## DATA RECORDS

######

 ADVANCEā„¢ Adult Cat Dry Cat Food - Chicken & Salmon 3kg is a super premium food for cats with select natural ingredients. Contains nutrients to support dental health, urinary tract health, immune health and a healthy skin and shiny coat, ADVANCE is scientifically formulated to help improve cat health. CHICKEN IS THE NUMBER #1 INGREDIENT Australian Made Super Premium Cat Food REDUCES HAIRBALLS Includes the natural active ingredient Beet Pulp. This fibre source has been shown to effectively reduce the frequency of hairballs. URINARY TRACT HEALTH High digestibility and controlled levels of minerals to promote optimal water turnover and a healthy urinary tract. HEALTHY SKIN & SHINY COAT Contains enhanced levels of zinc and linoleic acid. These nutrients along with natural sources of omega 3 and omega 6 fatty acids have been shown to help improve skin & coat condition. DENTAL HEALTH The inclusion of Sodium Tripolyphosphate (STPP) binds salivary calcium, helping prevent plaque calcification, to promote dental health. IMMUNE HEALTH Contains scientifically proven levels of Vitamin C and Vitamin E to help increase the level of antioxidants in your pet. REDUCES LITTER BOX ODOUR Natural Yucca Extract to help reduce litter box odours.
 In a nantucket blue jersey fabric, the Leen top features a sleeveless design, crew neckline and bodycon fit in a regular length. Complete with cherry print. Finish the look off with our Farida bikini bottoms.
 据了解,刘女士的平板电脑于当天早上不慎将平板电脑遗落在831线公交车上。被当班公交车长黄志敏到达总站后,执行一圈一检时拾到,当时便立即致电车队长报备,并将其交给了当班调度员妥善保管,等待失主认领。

######

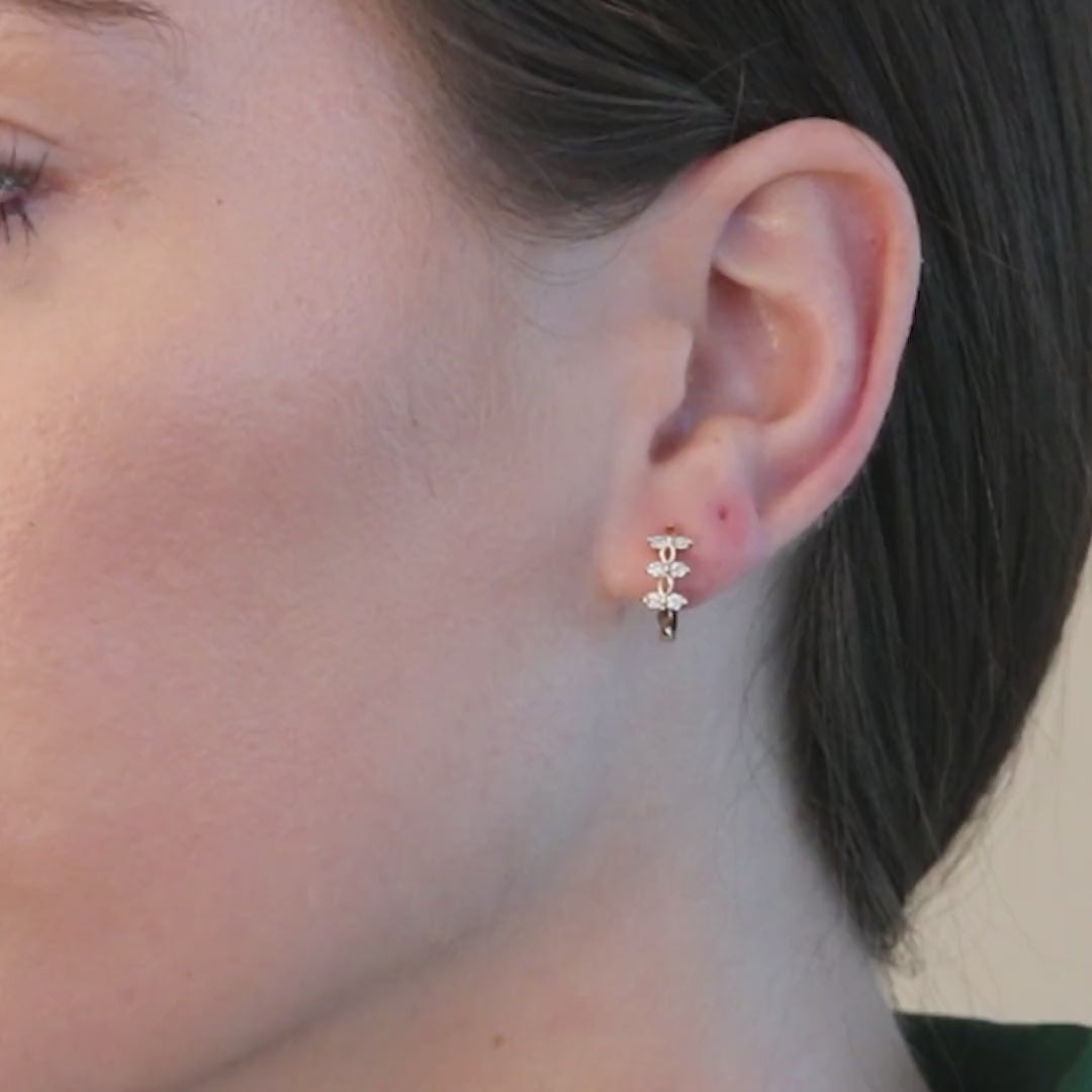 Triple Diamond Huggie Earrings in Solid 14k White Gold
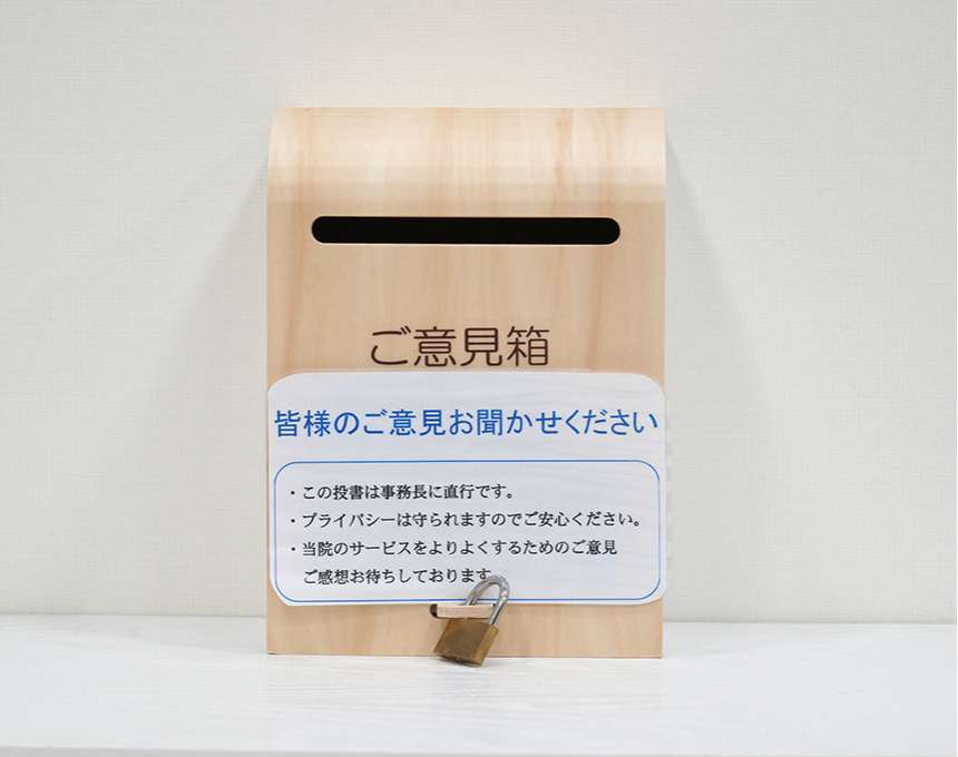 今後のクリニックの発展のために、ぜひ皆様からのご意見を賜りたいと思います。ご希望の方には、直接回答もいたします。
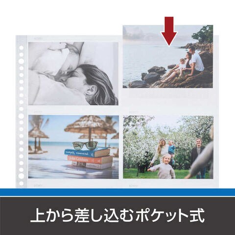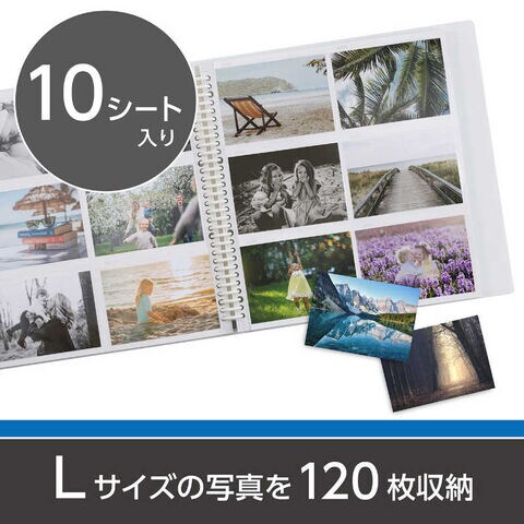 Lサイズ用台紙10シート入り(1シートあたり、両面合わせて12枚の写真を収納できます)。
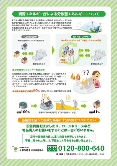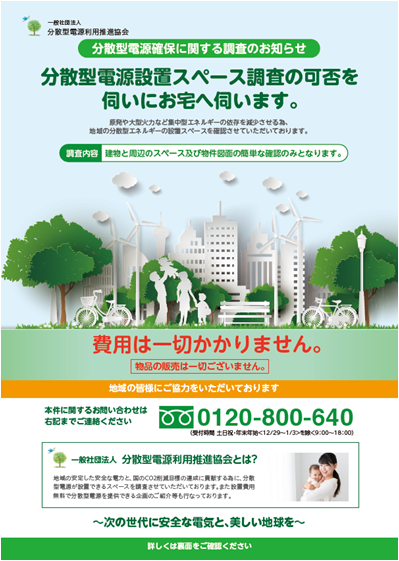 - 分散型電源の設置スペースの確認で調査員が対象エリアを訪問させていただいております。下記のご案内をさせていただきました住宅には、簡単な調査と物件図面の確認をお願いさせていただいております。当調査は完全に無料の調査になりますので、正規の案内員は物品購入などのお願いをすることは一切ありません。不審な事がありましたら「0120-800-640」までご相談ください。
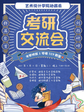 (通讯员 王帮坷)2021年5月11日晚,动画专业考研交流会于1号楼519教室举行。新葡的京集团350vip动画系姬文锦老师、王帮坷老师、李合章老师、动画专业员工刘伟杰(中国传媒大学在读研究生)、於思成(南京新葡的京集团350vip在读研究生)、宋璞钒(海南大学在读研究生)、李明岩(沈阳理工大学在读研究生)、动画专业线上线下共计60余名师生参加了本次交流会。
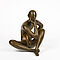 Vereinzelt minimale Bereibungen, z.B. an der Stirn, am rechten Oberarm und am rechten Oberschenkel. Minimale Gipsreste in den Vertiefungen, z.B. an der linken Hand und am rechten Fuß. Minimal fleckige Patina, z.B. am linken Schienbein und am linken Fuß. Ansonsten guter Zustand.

######

## PROBLEM DESCRIPTION
Look above for the line containing "In a nantucket". Output from there through the line containing "据了解,刘女士的平板电脑于当", exactly and inclusively.

## RESPONSE FOR THIS EXERCISE
 In a nantucket blue jersey fabric, the Leen top features a sleeveless design, crew neckline and bodycon fit in a regular length. Complete with cherry print. Finish the look off with our Farida bikini bottoms.
 据了解,刘女士的平板电脑于当天早上不慎将平板电脑遗落在831线公交车上。被当班公交车长黄志敏到达总站后,执行一圈一检时拾到,当时便立即致电车队长报备,并将其交给了当班调度员妥善保管,等待失主认领。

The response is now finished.